The Lake Effect
I’m different. I am not like any one of you. This is how God
designed us. Being different is a good thing. This difference in us all breeds
commonality. I know that’s hard to understand but we seek to be alike but
knowing we never can be. Where difference is appealing division is not.
1 Corinthians 1:10 - I appeal to you,
brothers and sisters,
in the name of our Lord Jesus Christ, that all of you agree with one
another in what you say and that there be no divisions among you, but that you
be perfectly united in mind and thought.
The word division is a very strong word but
for the sake of comfort, I will use the word clique instead.
We all come from various
backgrounds, people come with their respective interests and our own spiritual
condition, we meet in church and share the common Cup and the broken bread and
we are called to see the oneness of our life.
This weekend at church, I took the chance to look around the
congregation to see the differences. Difference of gender: difference of age;
difference of. As I thought on this I realized, that in my mind I was
classifying other members. It was almost subconscious in my thought process yet
I naturally did this.
My mind said those people sitting up front are those closest
in heart to the Senior Pastor or wanted to be singled out. Isn’t this why we
sit on the front rows? To be noticed? What about the people who sit way in the
back? Are they sitting back there because they were late or want to leave early?
My mind got more detailed… most of the associate Pastors
hover near the entrances and in or near the lobbies. Is this to be of
assistance to the members arriving late; to pray over the members; or is it in
case of urgent things that may occur during the course of the service.
Even more specific, as I walk into the sanctuary I greet the
people I know with a hug and a handshake. Yet with some others, I give a
handshake or nothing at all. Some I spend time with talking and listening….others
just a casual greeting. Some just get a nod from me in recognition.
Is this how everyone conducts themselves? Have I created my
own clique?
All of us want to belong, to be a part, but our human nature
makes us want to be a part of not just any group, but of an exclusive group. We
want to be a part of some Clique. Belonging and the desire to belong are not
bad, but the desire to gain status by belonging is dangerous. This desire
causes us to compare ourselves with others and to be depressed when someone
else gets in and we are left out.
We adjust to insure acceptance into these cliques.

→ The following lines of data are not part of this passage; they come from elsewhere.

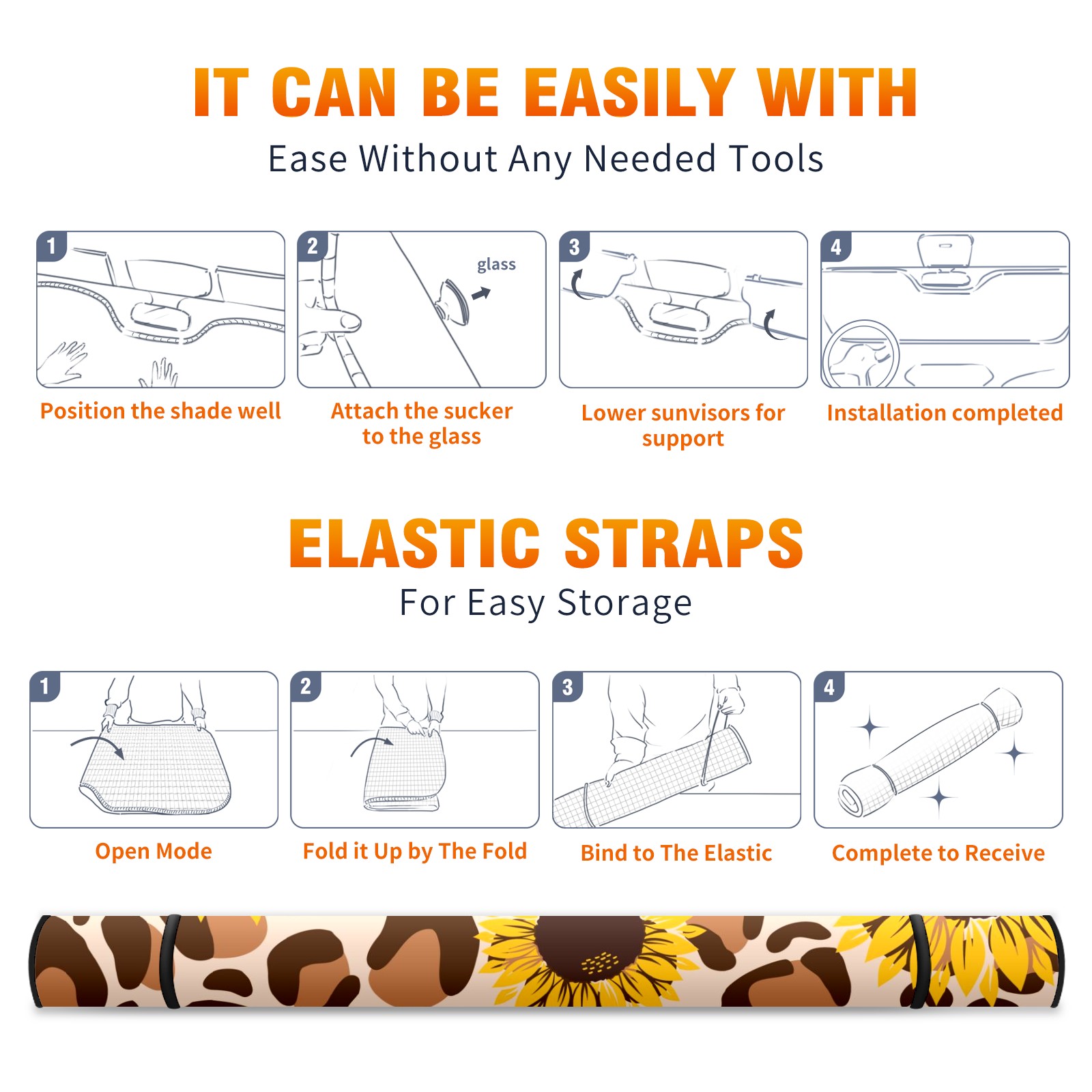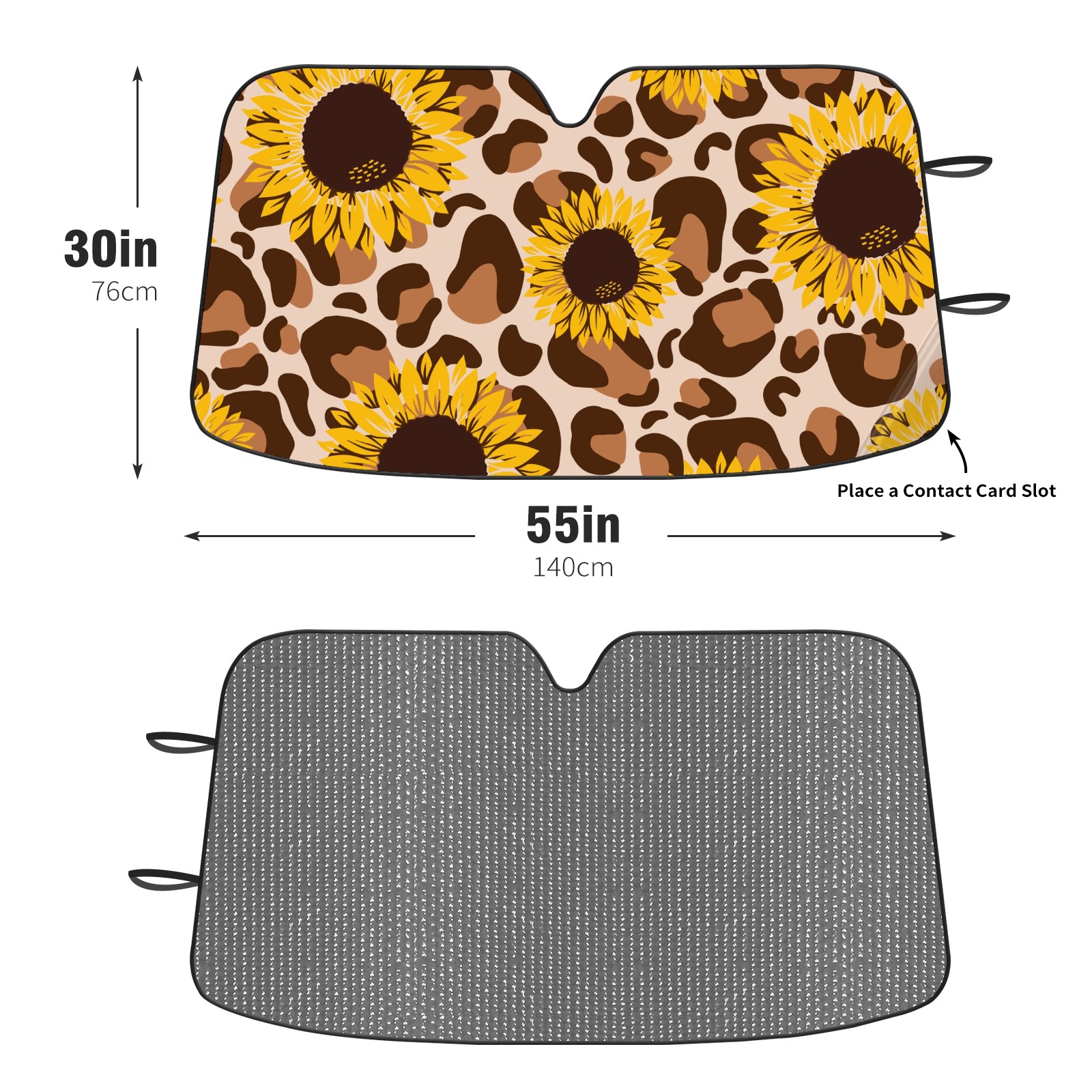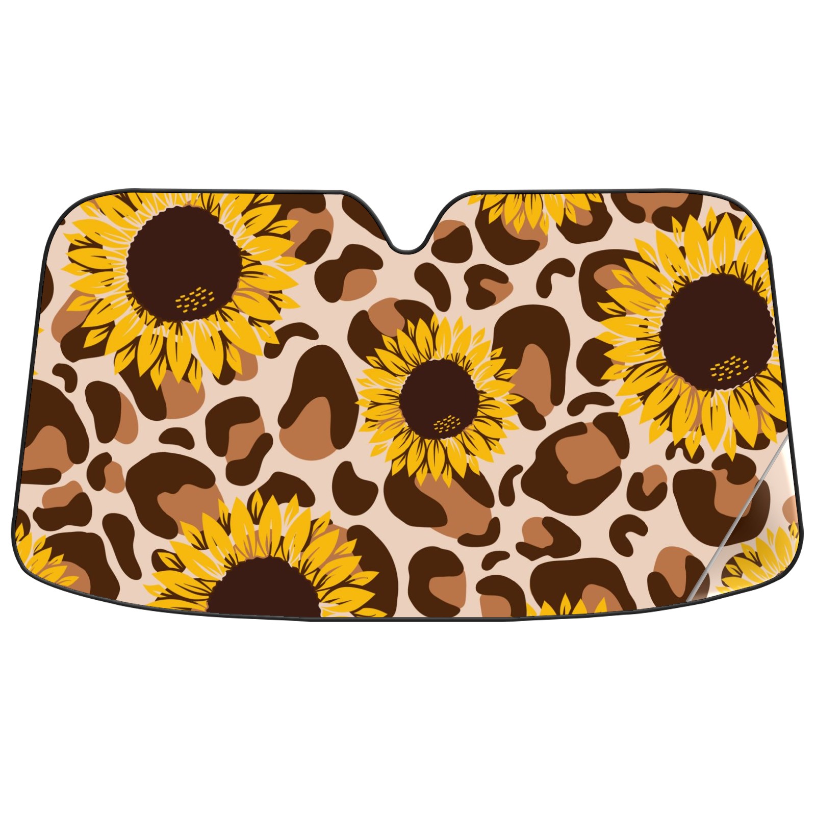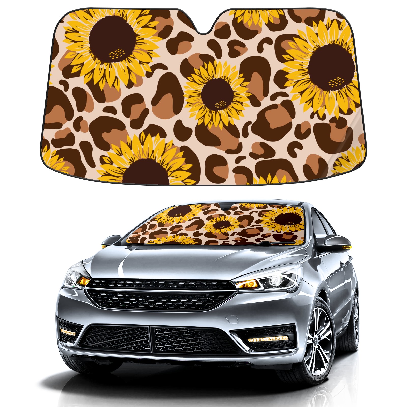 Car Windshield Sun Shade For Front Window Retro Leopard Sunflower Foldable Vehicle Windshield Car Sun Visor Covers Automotive Window Protector Car Camping Privacy Sun Blocker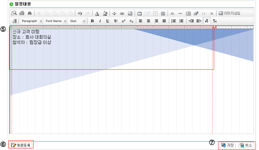② 등록할 일정의 시간을 기입합니다. ③ 일정에 대한 다양한 반복설정이 가능합니다. (매일, 요일별, 월마다, 반복개월수) ④ 작성할 일정을 공유할 구성원을 선택할 수 있으며 "검색하기"를 클릭하면 조직도가 나타납니다. ⑤ 일정 내용에 대해 상세히 기입합니다. ⑥ "빠른 등록"을 클릭하면 빠른등록 페이지로 이동합니다. ⑦ "저장"을 클릭하면 일정이 정상적으로 등록되며 "취소"를 클릭하면 일정등록이 취소됩니다. |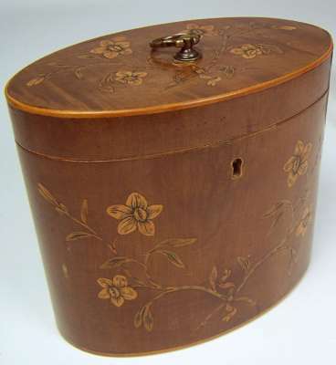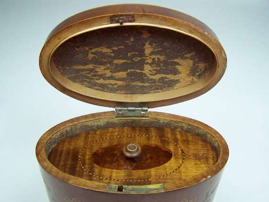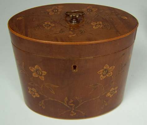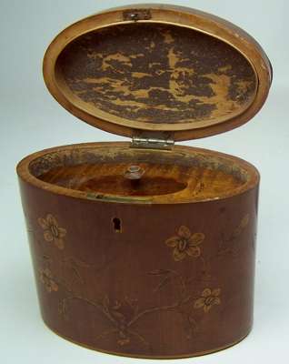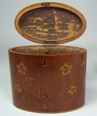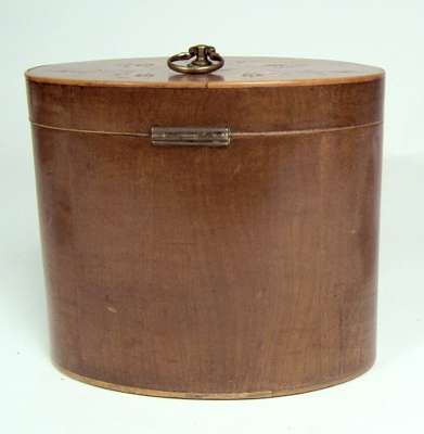 of oval straight sided form, the lid and front decorated with flowers and foliage with ribbon ties, interior with inlaid cover
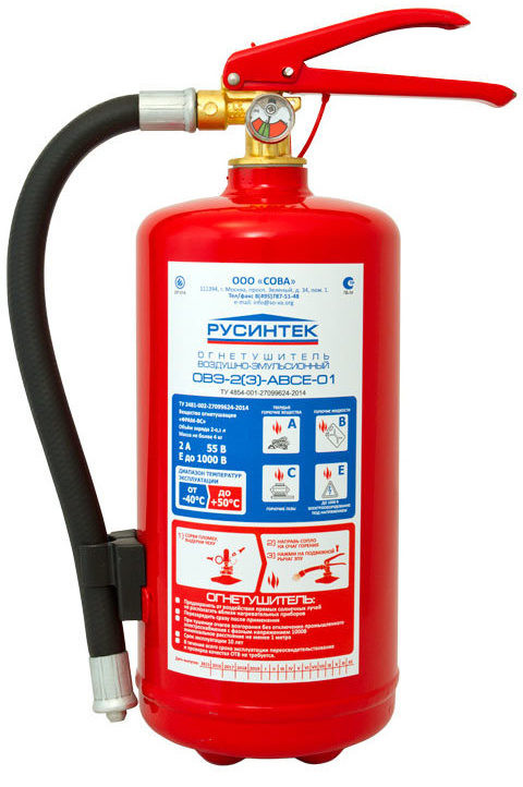 Air - mousseux, production biélorusse. Un modèle efficace pour éteindre divers combustibles. Malgré son excellente capacité, il présente un inconvénient important - l'impossibilité d'utiliser l'appareil à basse température. Ceux. Vous pouvez dire que c'est saisonnier. Et aussi, en raison de son efficacité, son prix est élevé - 7 000 roubles.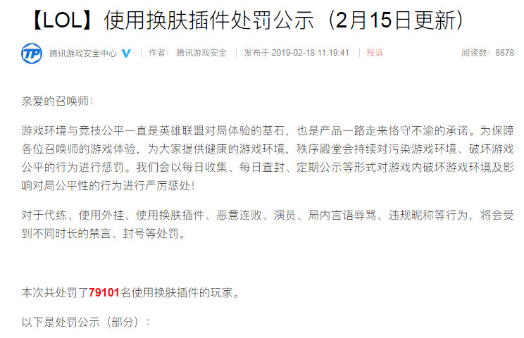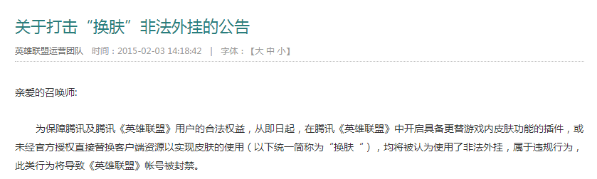 咳咳咳咳,关于使用皮肤插件被封的事,英雄联盟国服官方也是在多次发公告劝说玩家无效的情况下,才采取这样的措施。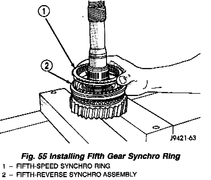 10. Install fifth gear synchro ring in synchro hub and sleeve (Fig. 55).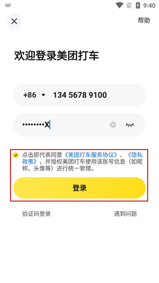 4、勾选同意相关协议及政策的选项,点击黄色的登录按钮,完成美团打车的登录。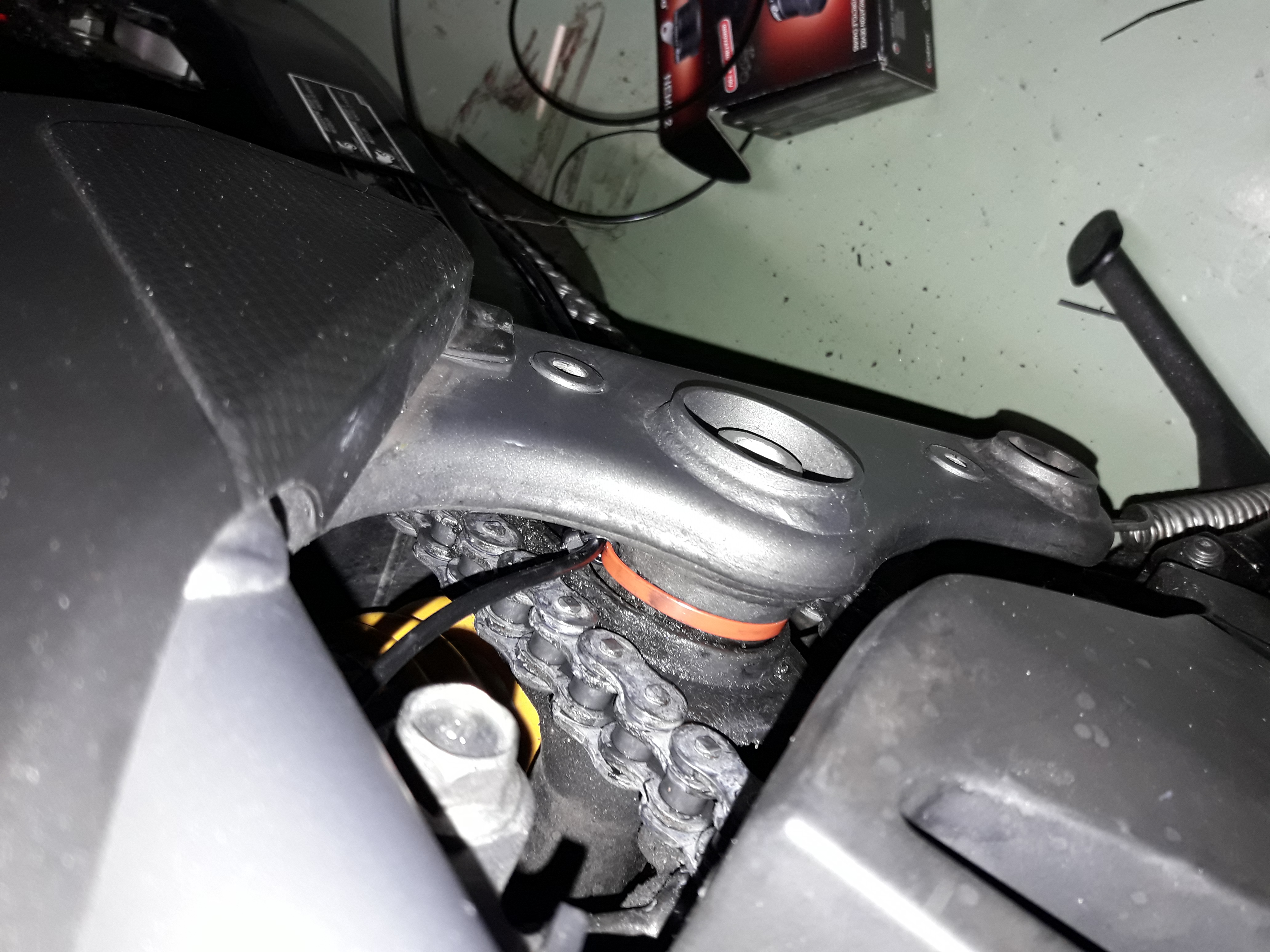 Bin non...C'est ce que je voulais faire au début, mais il m'a été impossible de défaire la vis sup. du patin de chaine.Pif a écrit : Et comment as-tu placé l'extrémité du tuyau ? Avec une patte d'alu, comme EDE ?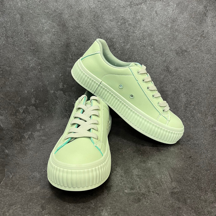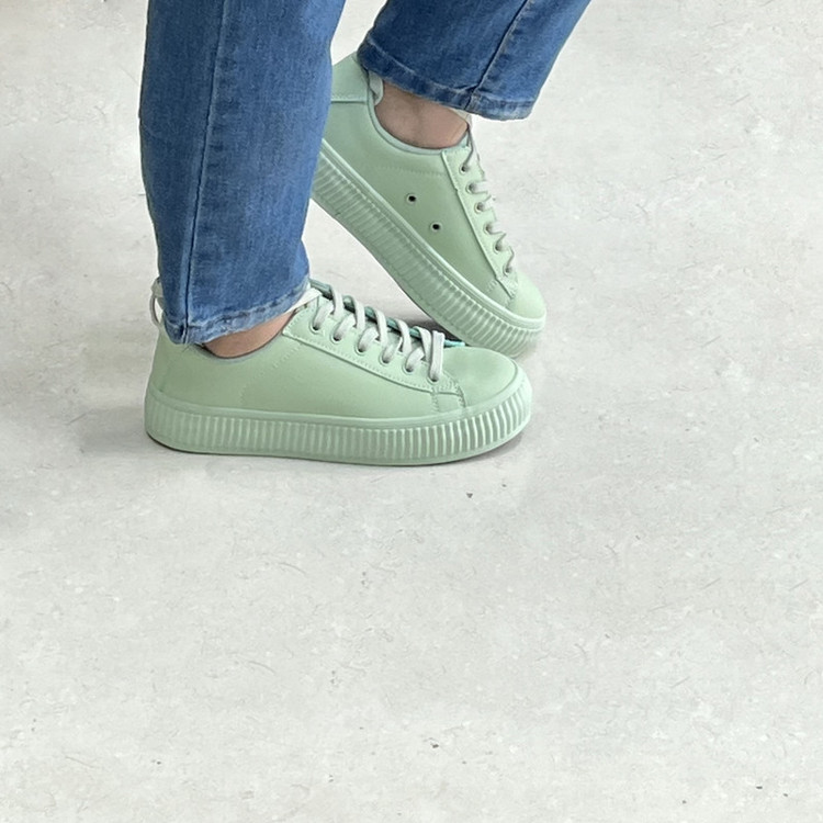 کفش روزمره زنانه مدل موگه چرم پا ارا بسیار سبک نرم و راحت میباشد .زیره کفش از پی یو تهیه شده است که سبک و مقاوم در برابر شکستن و سایش است.رویه کفش از چرم صنعی درجه یک به رنگ سبز تهیه شده و پشت پا و کفی کفش با پارچه سوزنی به جهت راحتی شما آستر شده است.سایزبندی کفش به این صورت است:سایز 37 :22 و سایز 38:23 سانتی متر است.
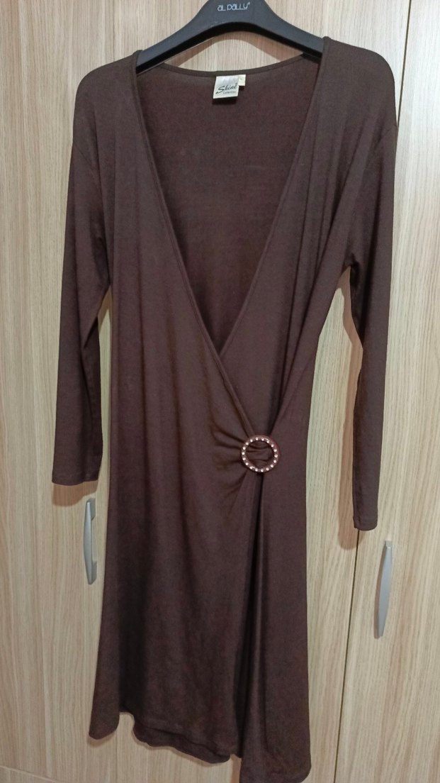 Uzun ve vücuda oturan bu elbise, V yaka ve yuvarlak tokalı kemer detayına sahiptir. Yumuşak ve parlak kumaşı günlük kullanıma uygundur. Koyu kahverengi rengiyle minimalist ve bohem tarz sunar. çok iyi durumda sadece yıkanıp ütülenmesi gerekiyor
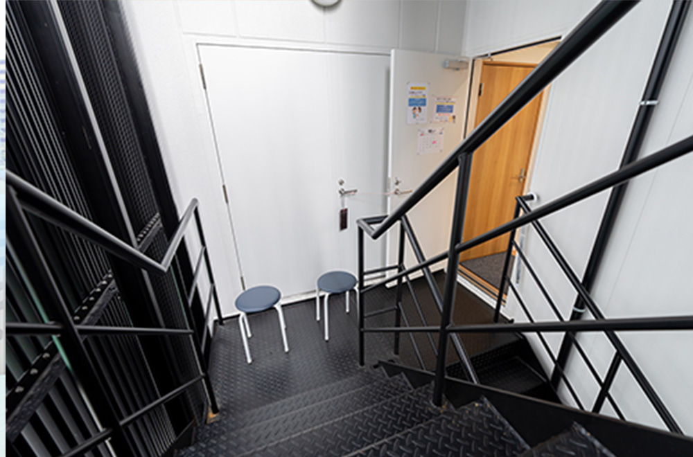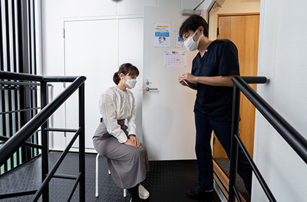 階段の踊り場で検査いたします。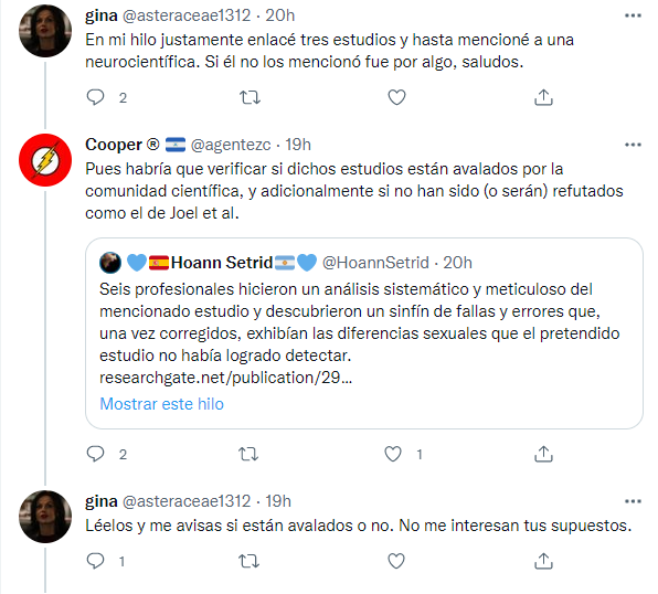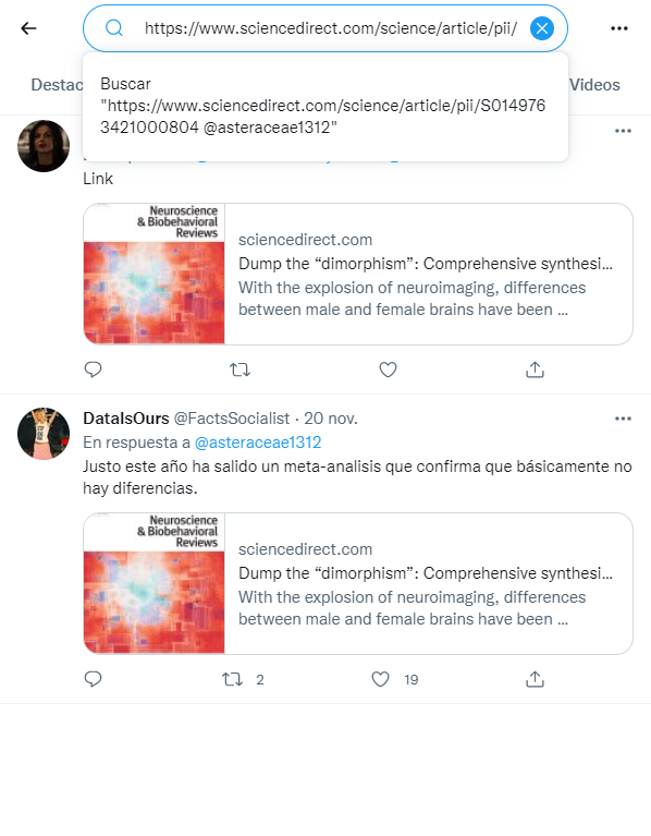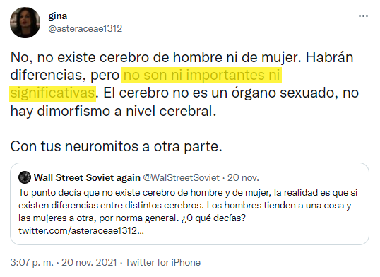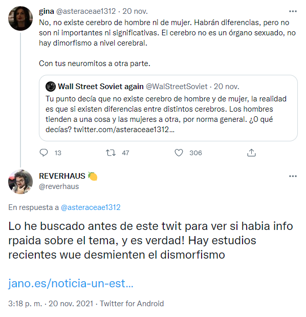 Y volviendo a la publicación de @asteraceae1312: si vamos a los comentarios, vemos que el usuario @reverhaus comparte un artículo que pretende resumir un estudio científico que habría "desmentido" el dimorfismo sexual cerebral.

We
pretend to agree when we secretly disagree. If necessary we use insincere
flattery to gain the approval of those in the cliques hoping that they will give
us admittance. In short, we compromise to be a part of the exclusive cliques.
Being in a clique is like the ripples of a lake. Once you
make it to a specific ripple we find there is another one. Sometimes, we find
that the ripple we are in, doesn’t really give us the sense of worth we really
desire. This Lake effect can cause undo turbulence in our lives and distort truth
and vision. Why? Our worth does not come from without, but from within. Our
value is not increased by belonging, but by being. True love is not on the
surface of the lake but within the heart.
The Church should be a place where people who have no other
natural reason for associating with each other come together in love and, in
love, serve one another and God. A few good examples are:
When our Children’s Pastor bridges the gap between the Word
of God and our children by using methods to excite and interest our children.
I am blessed when our Senior Pastor has us turn to our
neighbors in the congregation and greet them or start a conversation with them
from a simple phrase.
I am blessed when I see people tithing of their abundance
during the offering.
I am blessed to see people go to the stage for prayer
knowing only God can fix their specific issues or areas in their life they need
help with.
When these and many more blessings occur within the church
it’s hard for Satan to divide the church.
I have a lot to learn in this area because I still separate myself
from those I feel are cordial with me but not friendly. I need to remind myself
that the focus is on Christ. I must allow petty issues to be lost in the shadow
of the message of the cross of Christ. I must resolve to remove every barrier
that has been erected to prevent fellowship and service among God’s people in
this world. I must continue to give an on looking world a visible demonstration
of love based fellowship.
I can’t speak for you
but I’m sure some of you are going through this as well.
I ask those of you whom I have wounded with my words or by
ignoring you when you needed to talk, please forgive me. I ask your forgiveness
for my classification and grouping people in my mind and thus separating myself
from you. I ask for forgiveness for seeing you in a different way than Christ have
taught us to see people.
It’s time to recommit ourselves to promoting and preserving the love God commands in His house.
It’s time to calm the waters of the lake and
remove the “Lake Effect
It’s time to recommit ourselves to promoting and preserving the love God commands in His house.